# What to spray on Orchardgrass?



## Wcbr1025 (May 1, 2015)

I'm needing to control some broadleaf weeds in an OG field. Second cutting was made 12 days ago and I figured I would give it another week to recover before spraying since we've had hot weather. It had fertilizer applied last week.

Now for the problem, my neighbor has soybeans within 100 yards of the OG so I don't wanna spray any 24d or dicambia. I also would like to spray something that won't stunt the grass too badly in hot and possibly dry conditions.

What do you guys suggest?


----------



## rjmoses (Apr 4, 2010)

You might consider spraying with Lo-vol (low volatility) 2,4D.

As always, watch for favorable wind direction and speed. Often around here, the evenings and early mornings are good times to spray because the winds die down.

Ralph


----------



## 8350HiTech (Jul 26, 2013)

Wait for fall. You'll have better weed kill opportunities and lesser soybean worries.


----------



## rjmoses (Apr 4, 2010)

What weeds?

I was just thinking most broadleafs have already seeded out.

Ralph


----------



## FarmerCline (Oct 12, 2011)

It would be helpful to know what kind of broadleaf weeds you are trying to kill. I have never used it but Cimarron might be an option. I'm not aware that it is as bad to drift as 2/4d and dicamba. It is said to be hard on Timothy and fescue but is supposed to be safe on orchard.

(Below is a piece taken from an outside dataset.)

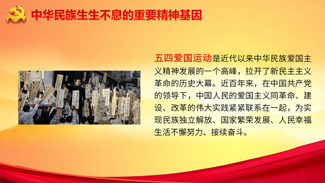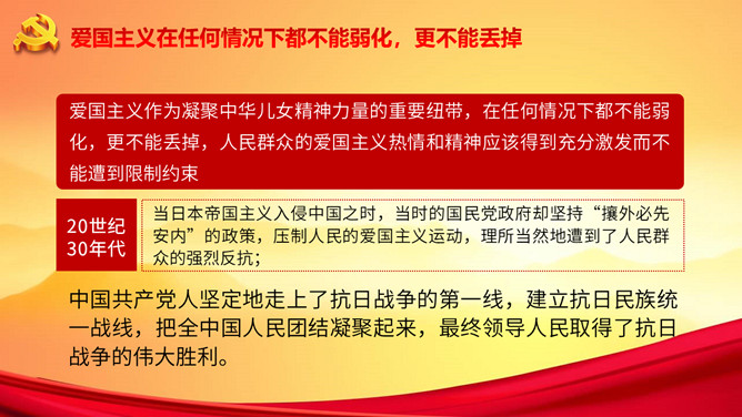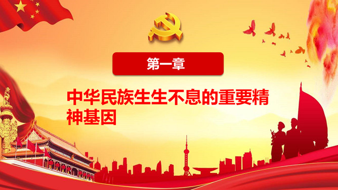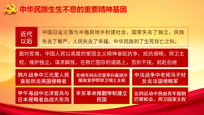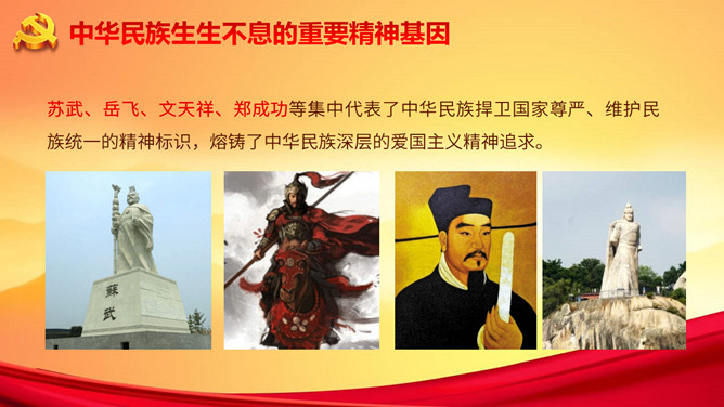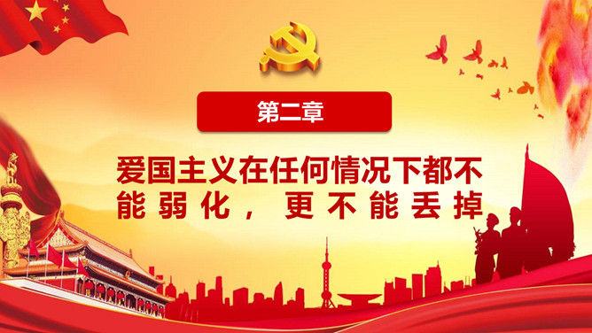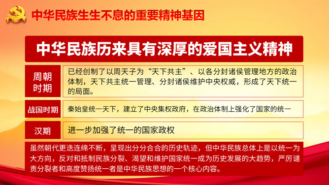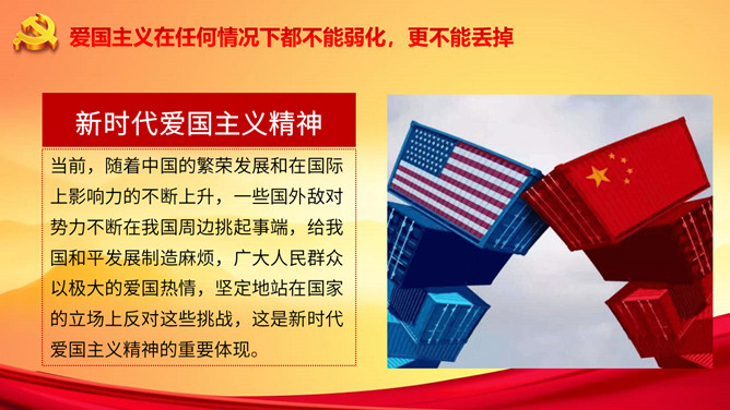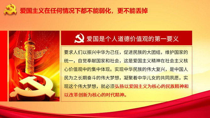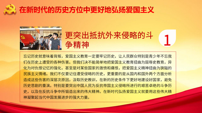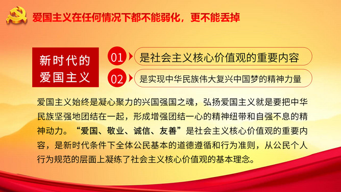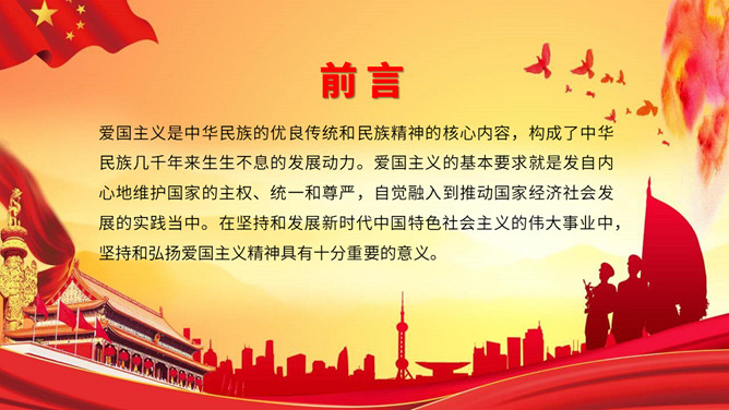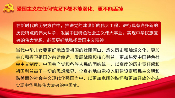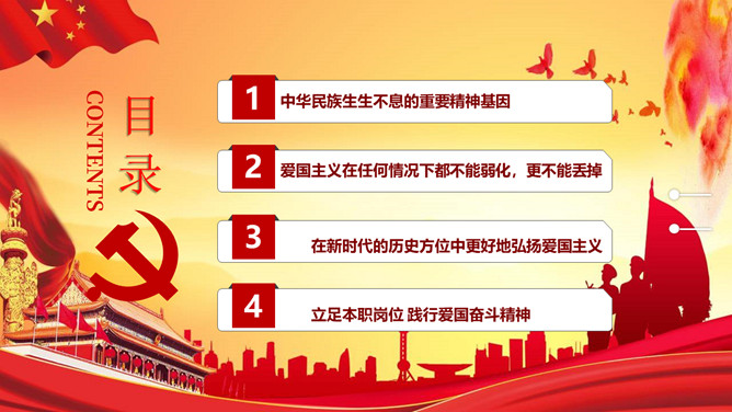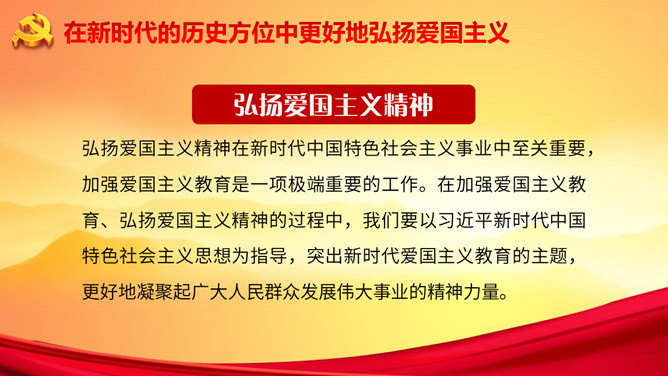 弘扬爱国主义精神PPT模板。内容包括:中华民族生生不息的重要精神基因。爱国主义在任何情况下都不能弱化,更不能丢掉。在新时代的历史方位中更好地弘扬爱国主义。立足本职岗位 践行爱国奋斗精神。

http://www.cdms.net/ldat/ld7gt000.pdf


----------



## Wcbr1025 (May 1, 2015)

rjmoses said:


> What weeds?
> 
> I was just thinking most broadleafs have already seeded out.
> 
> Ralph


Nothing seeded out yet, it was sprayed with 24d in March. The first cut was clean and due to favorable conditions the 2nd cut grew so fast that most weeds were suppressed. Now I have some small morningglory plants coming.


----------



## Vol (Jul 5, 2009)

MG's are easy to kill. I would use 2-4d Amine....wait until you had a 100% favorable light breeze(around 5mph) and spray 2 pints per acre. The other hardier broadleaf's will be suppressed enough off the 2 pints of 2-4dA that they will stop growing. Probably your least expensive option that will work.

Regards, Mike


----------



## endrow (Dec 15, 2011)

You could spray the new Dicamba product xtendimax or there's a version of it by BASF or Dow and I'm not recommending that but I'm just saying you could there's a label for it on xtendimax I know I've read it but I have not purchased either of the other two


----------



## beermutz (Jun 25, 2017)

how about curtail its a grass herbicide it kills all broad leaves it doesn't work well on dandelions but that's where 24d comes in I use curtail on my lawn all the time and I would spary know and once in the spring when you have new grow


----------